Location Known: Can INTERPOL Continue to be Involved if the Requesting Government is Aware of the Accused’s Location and, Moreover, if the Accused Cooperates?

Location Known: Can INTERPOL Continue to be Involved if the Requesting Government is Aware of the Accused’s Location and, Moreover, if the Accused Cooperates?

During the past several years, the Commission for the Control of INTERPOL’s Files has published a number of its decisions regarding complaints against government use of INTERPOL’s resources.  Although these decisions are often published heavily redacted, they provide valuable insight into the Commission’s interpretation of some of the key provisions in the INTERPOL Constitution and the Rules on Data Processing.  In addition, with regard to some of the rules, the Commission has published its interpretation more than once, which demonstrates their consistent application by the Commission.  In this post, I reflect on one of the most common questions I get in my practice – can a Red Notice or a diffusion continue to circulate via INTERPOL’s channels if the requesting country is aware of the individual’s location?

INTERPOL Headquarters, Lyon, France

The Commission has responded to this question in the affirmative, and it has done so in several of its published decisions.  The fact that the government knows the individual’s location, even if the individual was the first one to reveal it, does not by itself make the government’s request disseminated through INTERPOL unlawful. The Commission has explained that “[t]he purpose of a red notice is not only to locate a person, but also to request his/her provisional arrest in view of extradition.
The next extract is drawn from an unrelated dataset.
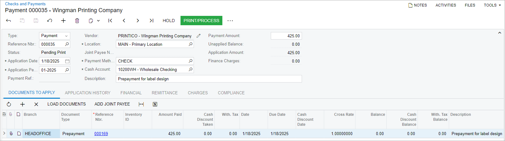 Suppose that the SweetLife Fruits & Jams company has ordered a new design for the company's printed labels and paper bags from Wingman Printing Company. They requested an advance payment of $425 for these services. Further suppose that the prepayment that SweetLife made on January 18, 2025 has to be applied to an AP bill from Wingman Printing Company.

In this regard, the fact that the Applicant’s location . . . is known to . . . authorities does not undermine as such the lawfulness of the Red Notice.”  Therefore, the purpose of a Red Notice or a diffusion is twofold.  Establishing an individual’s location achieves only one of the goals, and as such, it does not make the Red Notice or diffusion irrelevant.  Following the Commission’s reasoning, it seems logical to conclude that if the accused not only reveals her/his location but also cooperates with the requesting government in its criminal investigation, such cooperation by itself does not invalidate a Red Notice or a diffusion either.  This seems important for accused and their attorneys to remember.